- Born: 1987 (age 38–39) Lilongwe
- Citizenship: Malawi
- Occupation: Airline Pilot

= Yolanda Kaunda =

Malawi's first female aircraft captain

Yolanda Kaunda (née Ndala) (born 1987) is Malawi's first female aircraft captain and its second female pilot.

== Biography ==
Kaunda was born in Lilongwe in 1987 and from the age of six she wanted to become a pilot. She completed her secondary education at Kamuzu Academy in Kasungu in 2005, then went to South Africa's Progress Flight Academy.

In 2016, Kaunda graduated as Malawi's first female aircraft captain. Her first flight as Captain took place on 11 March 2016 at Kamuzu International Airport, in Lilongwe. The first Malawian female pilot was Fellie Mkandawire, who stopped flying before reaching the rank of captain. Kaunda graduated as the second female pilot in Malawian history. She was the only woman in her aviation class of 80 people. She was granted her pilot's license in 2009.

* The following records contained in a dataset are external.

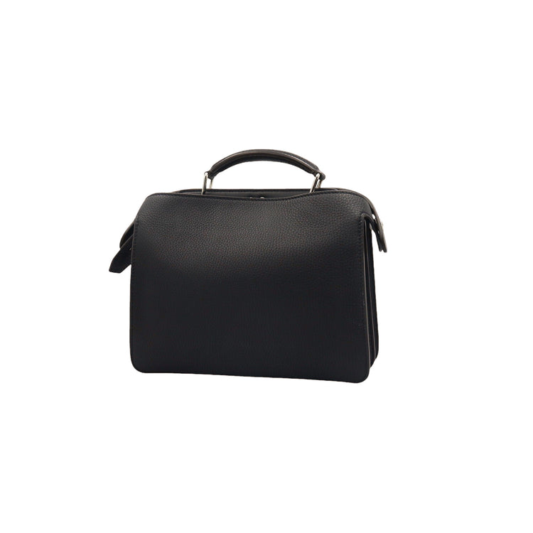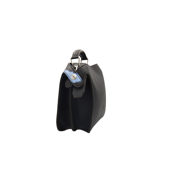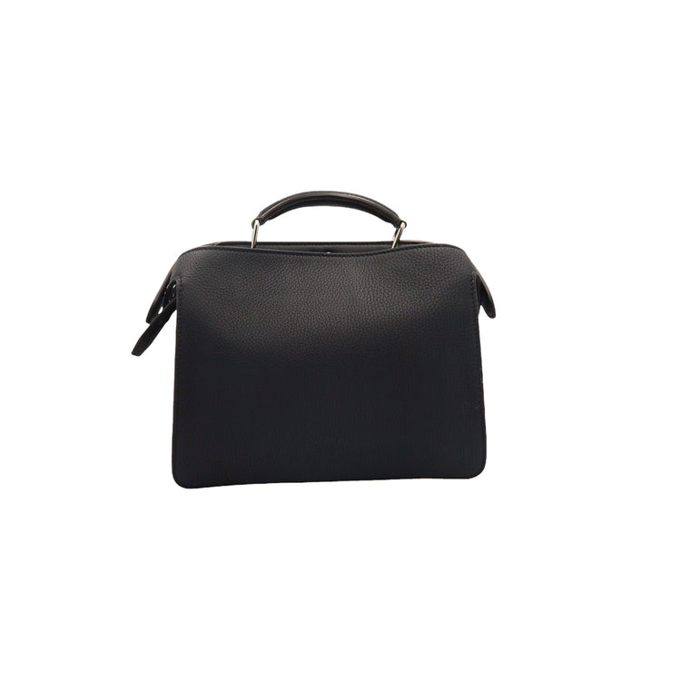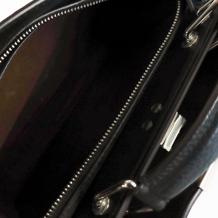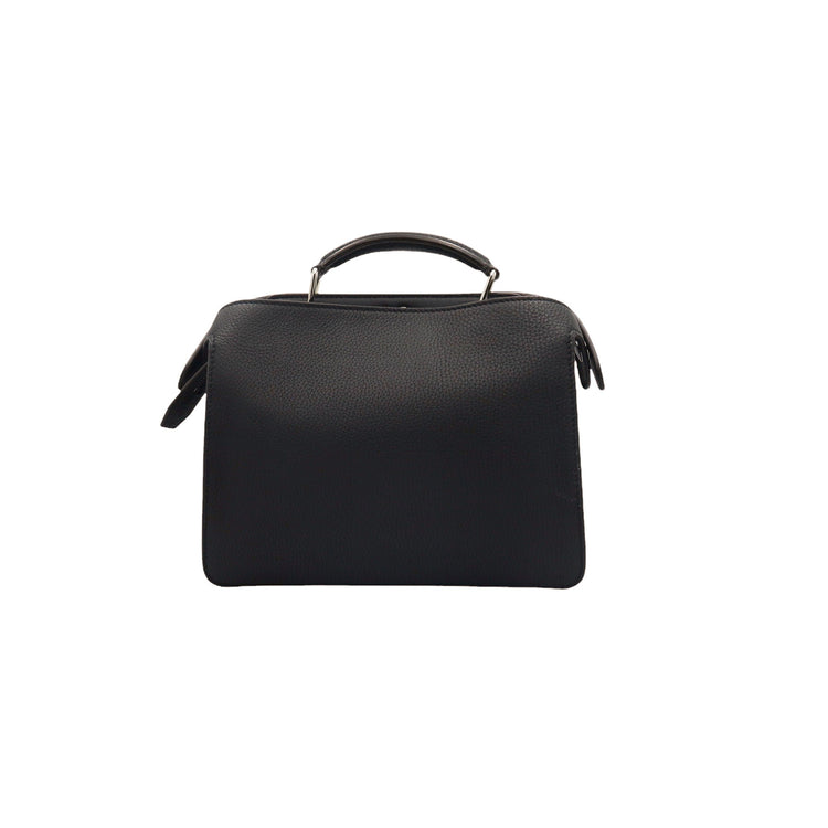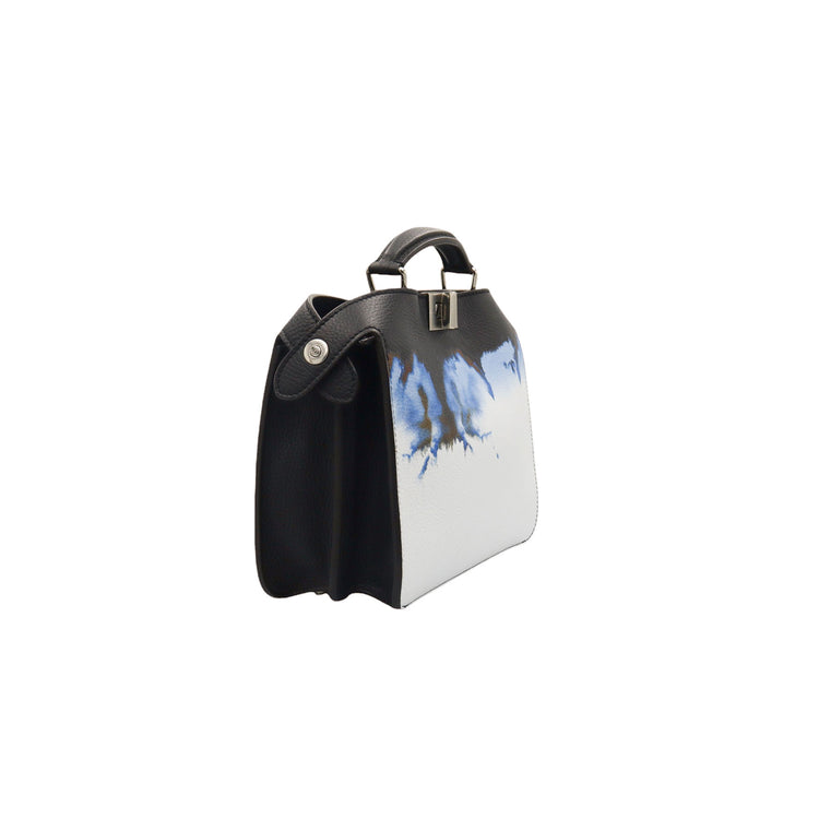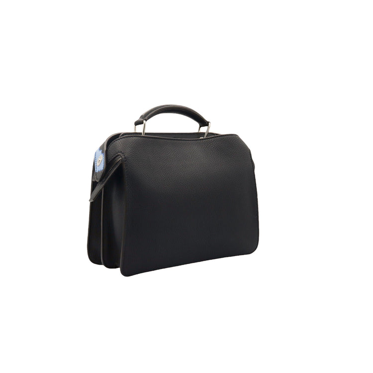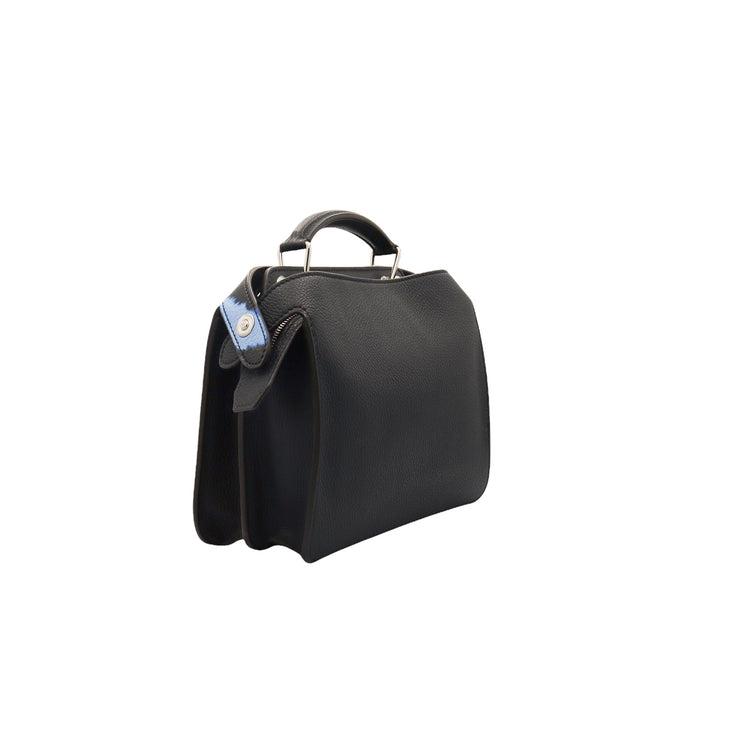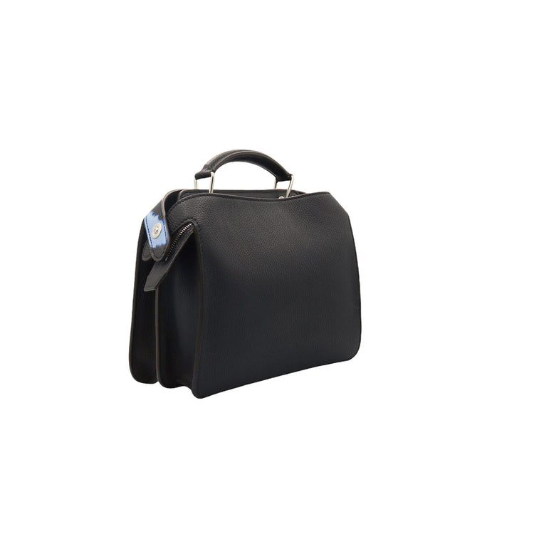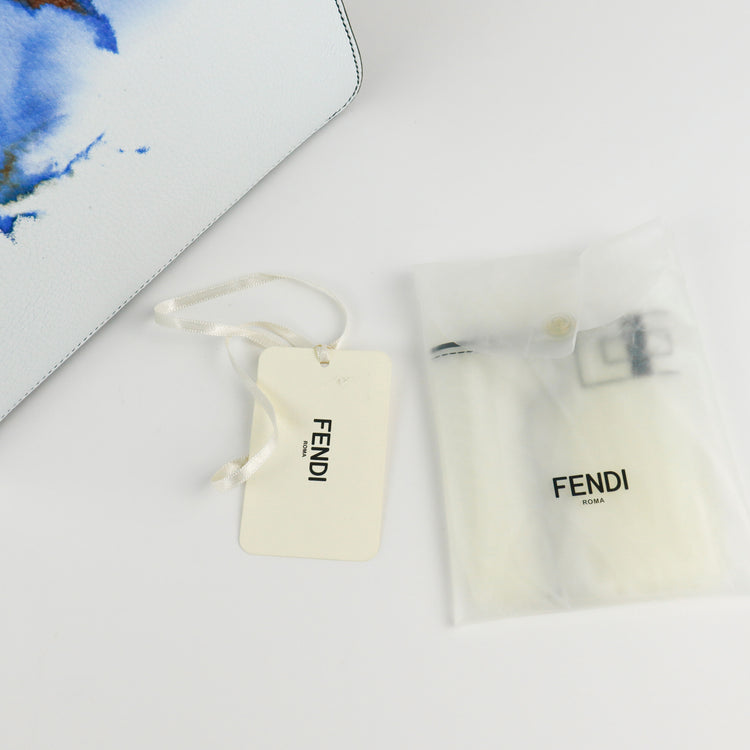 Bolso Fendi Peekaboo ISeeU Mini, confeccionado en cuero color negro entintado tipo nubes, con interior de piel en dos compartimentos divididos por una partición rígida con el emblemático cierre de giro en la parte frontal, bolsillo interno extraíble en color amarillo por un lado y monograma FF por el otro, bandolera ajustable y extraíble.
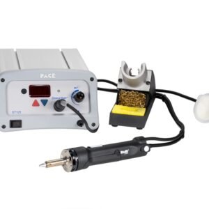 The ST125 has soldering, desoldering and hot air functionality and comes with the SX100 desoldering iron. It uses SenaTemp heating technology and is compatible with several SensaTemp handpieces. The system comes standard with PACE’s patented Hi-Flo Snap-Vac Pump technology to ensure quick, clean removal of solder from any through-hole joint or surface land.
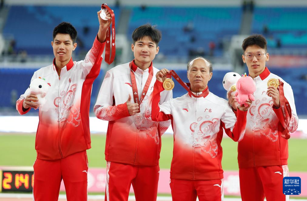 11月19日,获得冠军的广东队选手施君豪(右一)和获得亚军的队友林健豪(左一)在颁奖仪式上与教练合影。
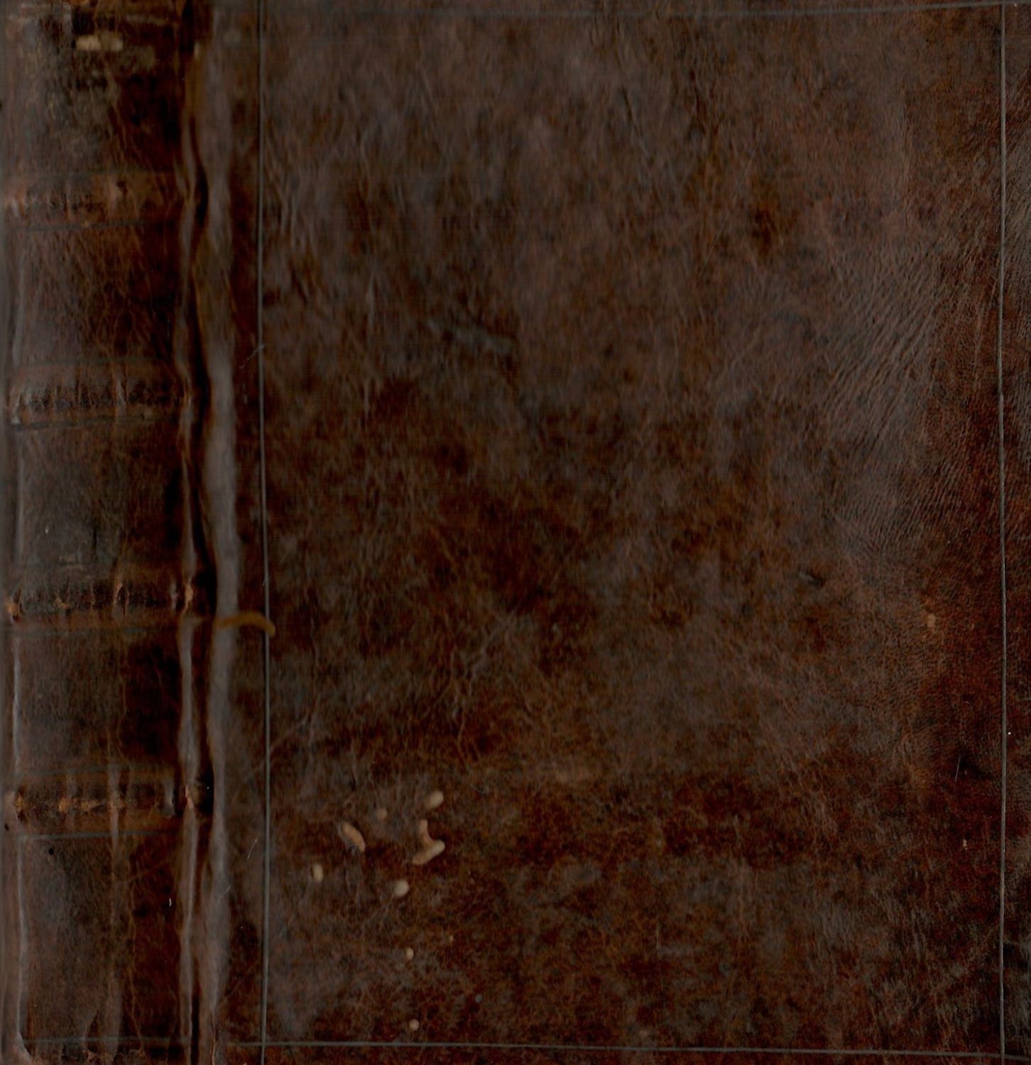Dobová vazba z temně hnědé hověziny, ve hřbetu 4 vazy, barvené ořízky. Na tit. listu začerněné perem psané proven. údaje, papír místy lehce zahnědlý.

For International Women's Day in March 2017, Kaunda captained the first all-women aircraft flight for Malawian Airlines. They flew from Blantyre to Dar es Salaam.

== Legacy ==
A portrait of Kaunda is featured in a mural on the wall of Khwalala Community Secondary School in Mulanje. She has been praised by the First Lady of Malawi, Dr. Gertrude Mutharika, for closing the gender gap for women.